Open chnlyi opened 2 years ago

chnlyi commented 2 years ago

I have read the codes "run_workflow_trainOnly.sh" and "start_training.sh".

I am confused about $IMAGES_DIR, $ORIGINAL_DATA, $TEST1, $TRAIN_UNET, $TRAIN_MASKRCNN.

After many trials and errors, I am able to run "start_training.sh" without error when I did the following:

  1. Split my data into train, val and test into some folders
  2. runGenerateValidationCustom.sh using my val data
  3. copy both train and val data into $TRAIN_UNET and $TRAIN_MASKRCNN
  4. copy test data into $TEST1
  5. copy a few images out of test into $IMAGES_DIR
  6. However, I am not sure this is what I should be doing.

Why do I need $IMAGES_DIR?

I am using your original $CLUSTER_CONFIG. Is that right?

spreka commented 2 years ago

@chnlyi Thank you for your interest in the repo. The code was prepared for the DSB2018 competition where $TEST1 was the stage1 test set we used as additional training data in the 2nd stage. When training on your own data, you can leave it as originally in the repo. The real test data goes in the $IMAGES_DIR, these will be used for style transfer learning and the trained model will predict segmentation on them. You don't need to use $ORIGINAL_DATA. The train data was separated to U-Net ($TRAIN_UNET) and Mask R-CNN ($TRAIN_MASKRCNN) in case you want to train on different images. You can use the same data in both places.

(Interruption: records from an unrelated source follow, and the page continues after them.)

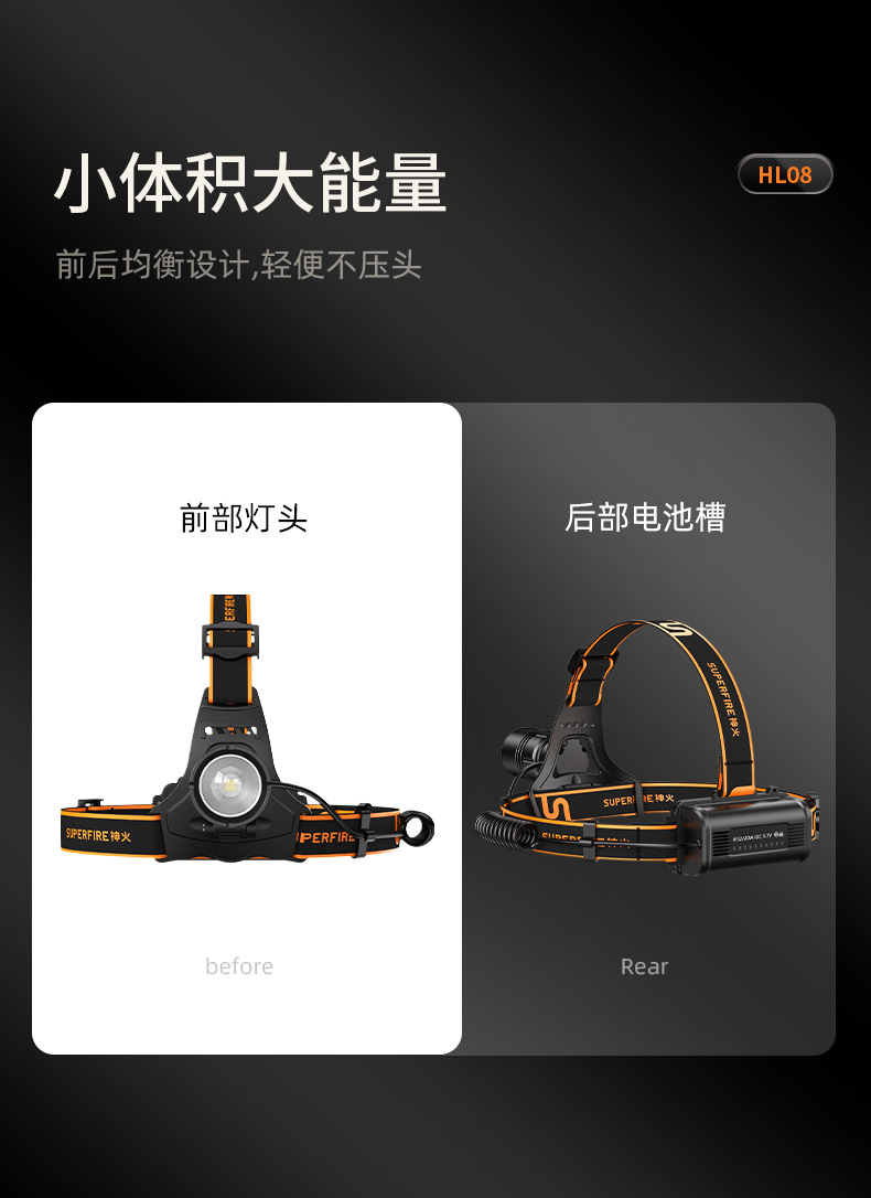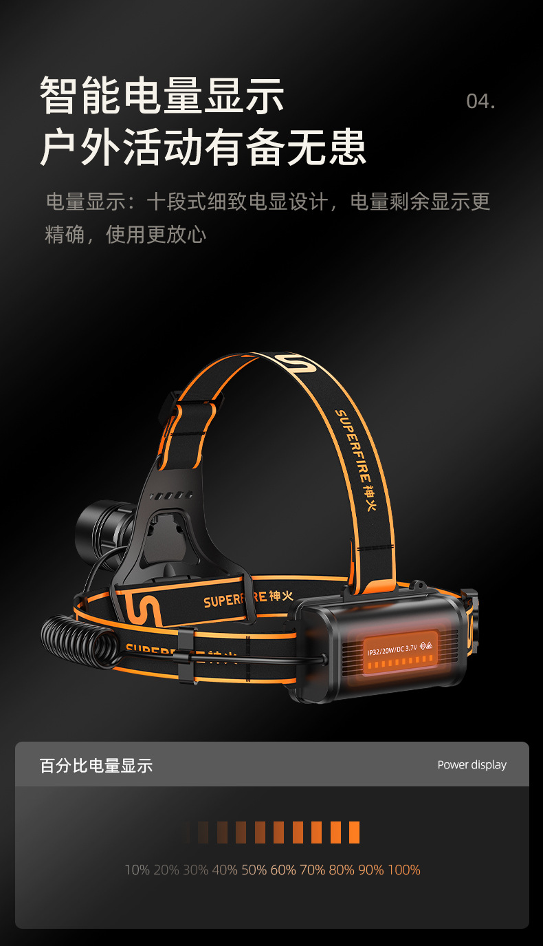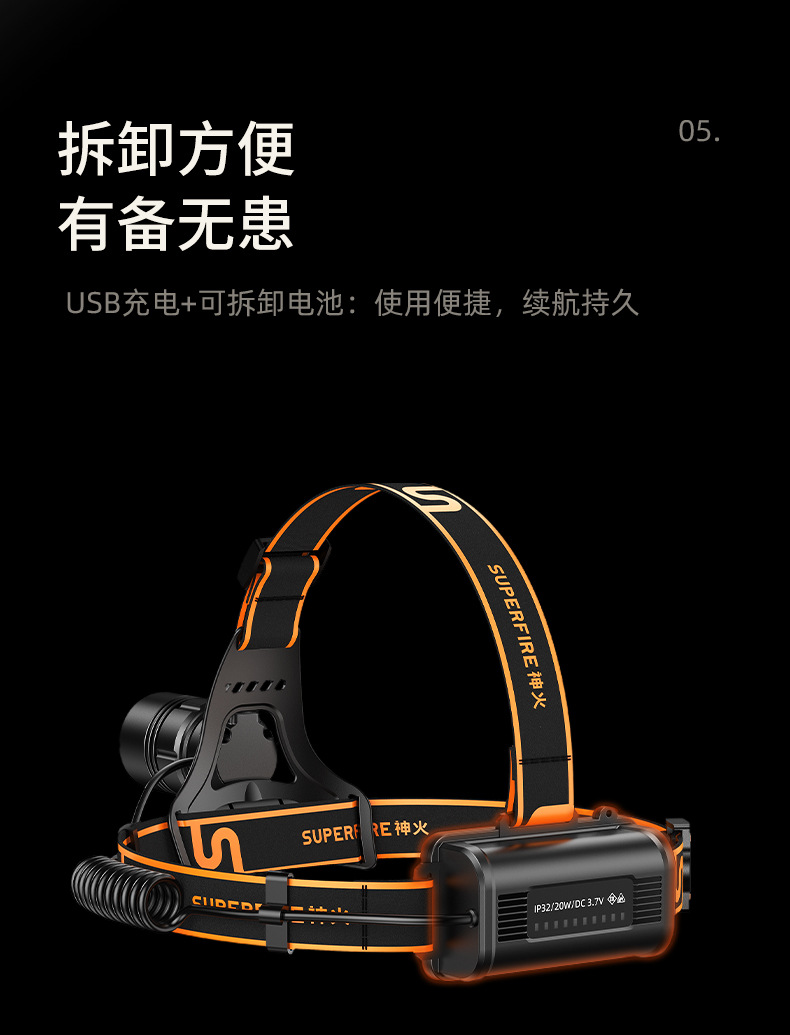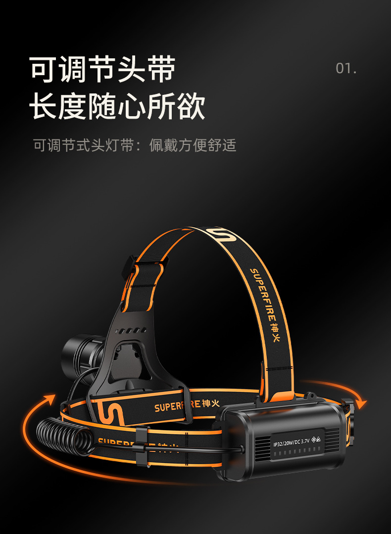 神火HL08新款20W戶外照明頭燈強光充電防水調焦led頭燈
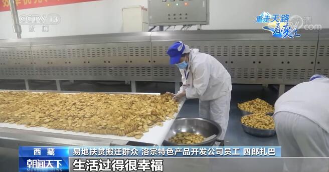 易地扶貧搬遷群眾 洛宗特色產(chǎn)品開發(fā)公司員工 四郎扎巴:我這個車間主要負責(zé)洗青稞、青稞剝皮,我妻子在泡菜車間工作,她每月2400元,我們倆加起來一年也有6萬多(元)收入,以前一年收入不到1萬(元),搬過來以后在這邊實現(xiàn)就業(yè),收入各方面都很穩(wěn)定,生活過得很幸福。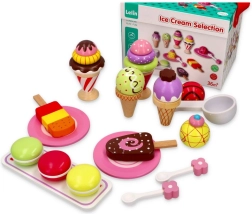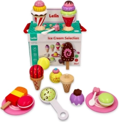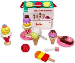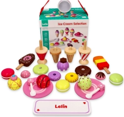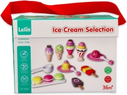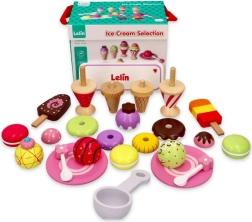 Su elegantišku mediniu Lelin ledų rinkiniu kiekvienas vaikas taps ledų meistru. Šiame rinkinyje yra 25 spalvotos dalys, jis idealiai tinka vaikams nuo 3 metų. Žaislai pagaminti iš lakuotos medienos ir supakuoti į tvirtą dėžutę su patogiu atvartu ir rankenėle, kad būtų lengva nešiotis.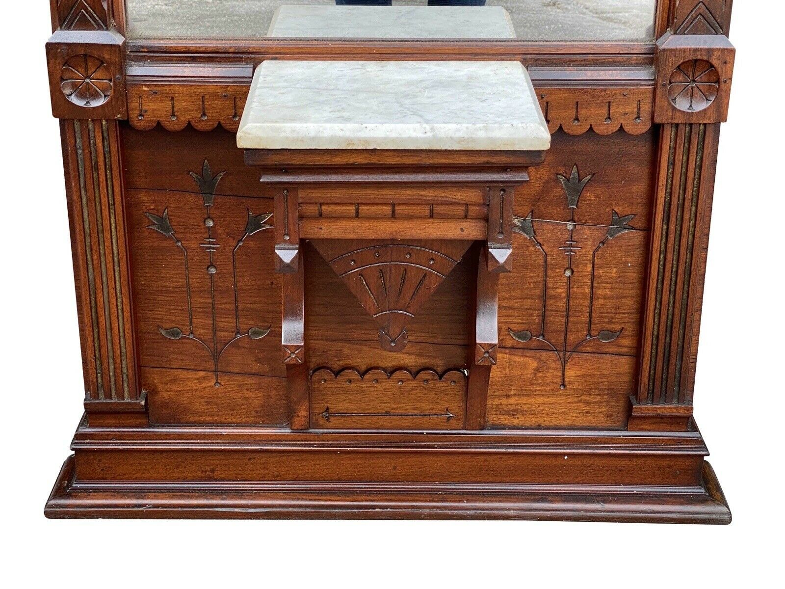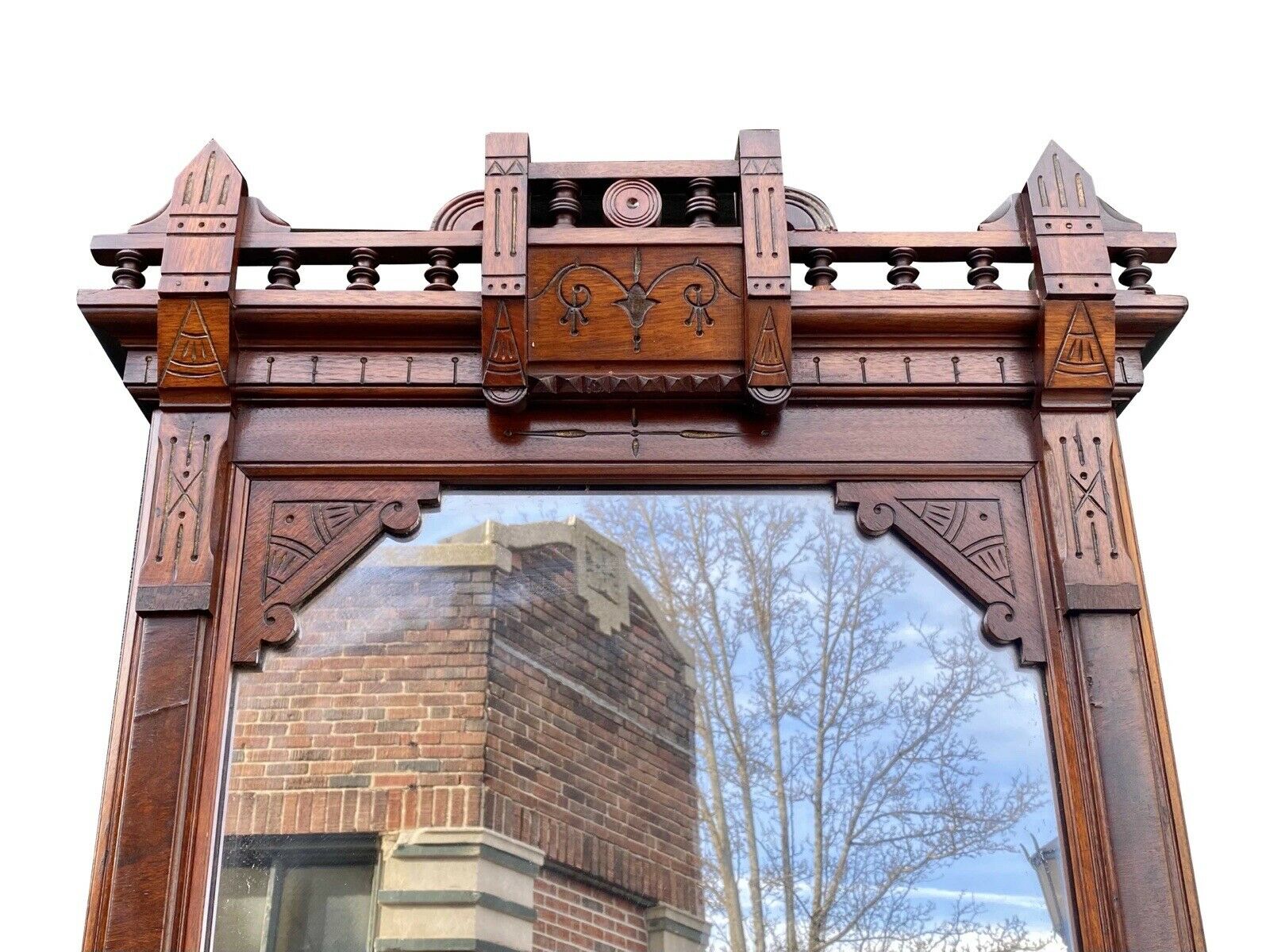 19th C Antique Large Victorian Walnut Pier Mirror / Hall Tree --- 8' 4" Tall

The convenience script start_training.sh is suggested to be used for running (it calls run_workflow_trainOnly.sh), where you can set the test image folder location for the variable IMAGES_DIR, these will be copied to the workflow folder kaggle_workflow/outputs/images/ and used in the pipeline.

Let me know if this helps.

chnlyi commented 2 years ago

@spreka Thank you so much for the prompt response. Very helpful!

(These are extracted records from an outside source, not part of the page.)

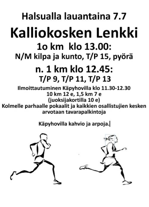 Perinteinen Kalliokosken Lenkki juostiin aurinkoisessa kesäkelissä lauantaina 7.7.2018. Kilpailijoita ja yleisöä oli paikalla mukavasti ja kisatunnelma oli kohdillaan.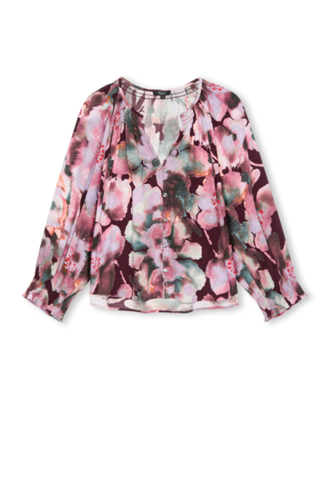 An ultra-soft rayon crepe blouse designed to keep you comfortable. The Mariah features three-quarter sleeves with shirred cuffs, a roomy fit and natural shell buttons.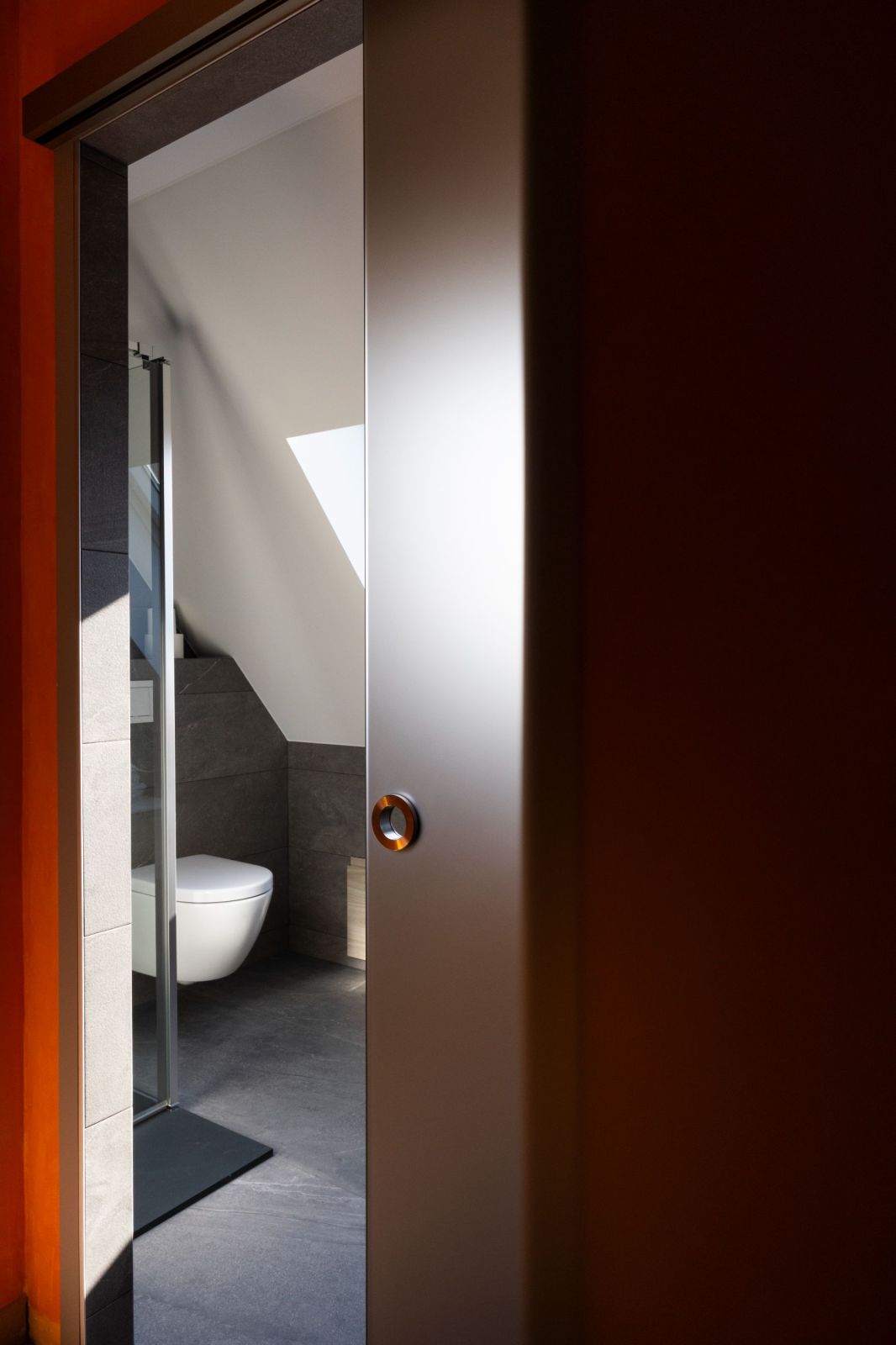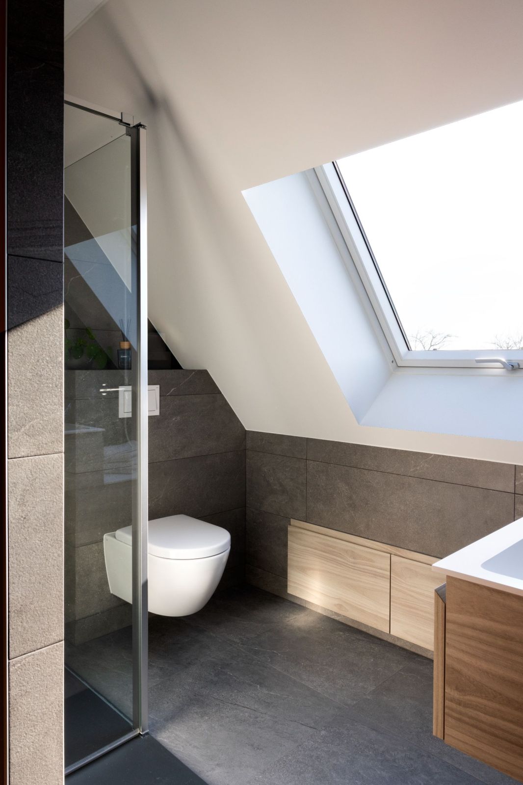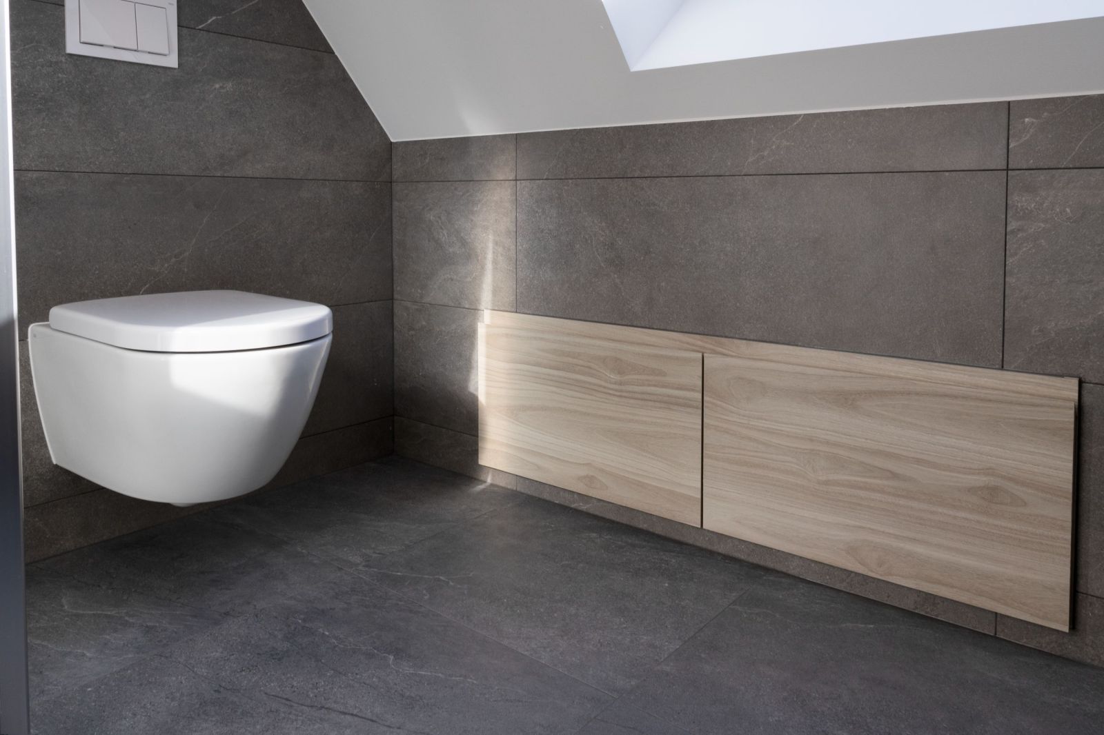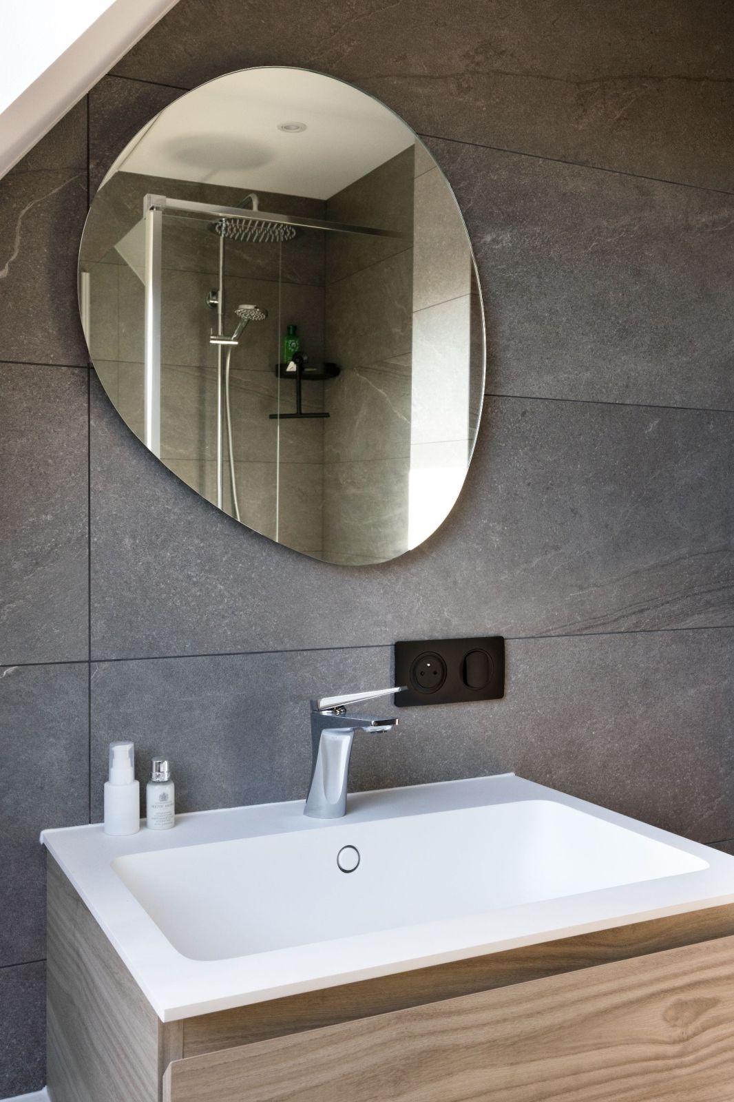 La continuité mur/sol renforce la sensation d’espace, particulièrement importante dans une salle d’eau sous pente.

I understand that the real test data goes in the $IMAGES_DIR, this is for prediction.

What I am trying is using my own annotated images to train the models from scratch. I have my train, validation, and test splits.

  1. The first step of the training pipeline is to do the presegmentation, which uses $IMAGES_DIR data. So should I copy all of my train and validation images into it?
  2. Should I copy my train into $TRAIN_UNET and $TRAIN_MASKRCNN? What about my validation data? (I experimented a few times, but it seems that I have to runGenerateValidationCustom.sh using my validation data and copy both train and validation data into $TRAIN_UNET and $TRAIN_MASKRCNN.)
spreka commented 2 years ago

@chnlyi The presegmentation result is also used in the the pipeline for preparing masks in style transfer learning&prediction, hence $IMAGES_DIR is only for test images, e.g. unlabelled images from the experiment.

Should I copy my train into $TRAIN_UNET and $TRAIN_MASKRCNN? What about my validation data? (I experimented a few times, but it seems that I have to runGenerateValidationCustom.sh using my validation data and copy both train and validation data into $TRAIN_UNET and $TRAIN_MASKRCNN.)

Yes, copy the train images there. Validation goes in the $VALIDATION folder which will be in kaggle_workflow/outputs/validation by default. Indeed you need to run runGenerateValidationCustom.sh /path/to/validationfolder, the $IMAGES_DIR variable in this script is only used to list the validation images, sorry for the confusing variable names.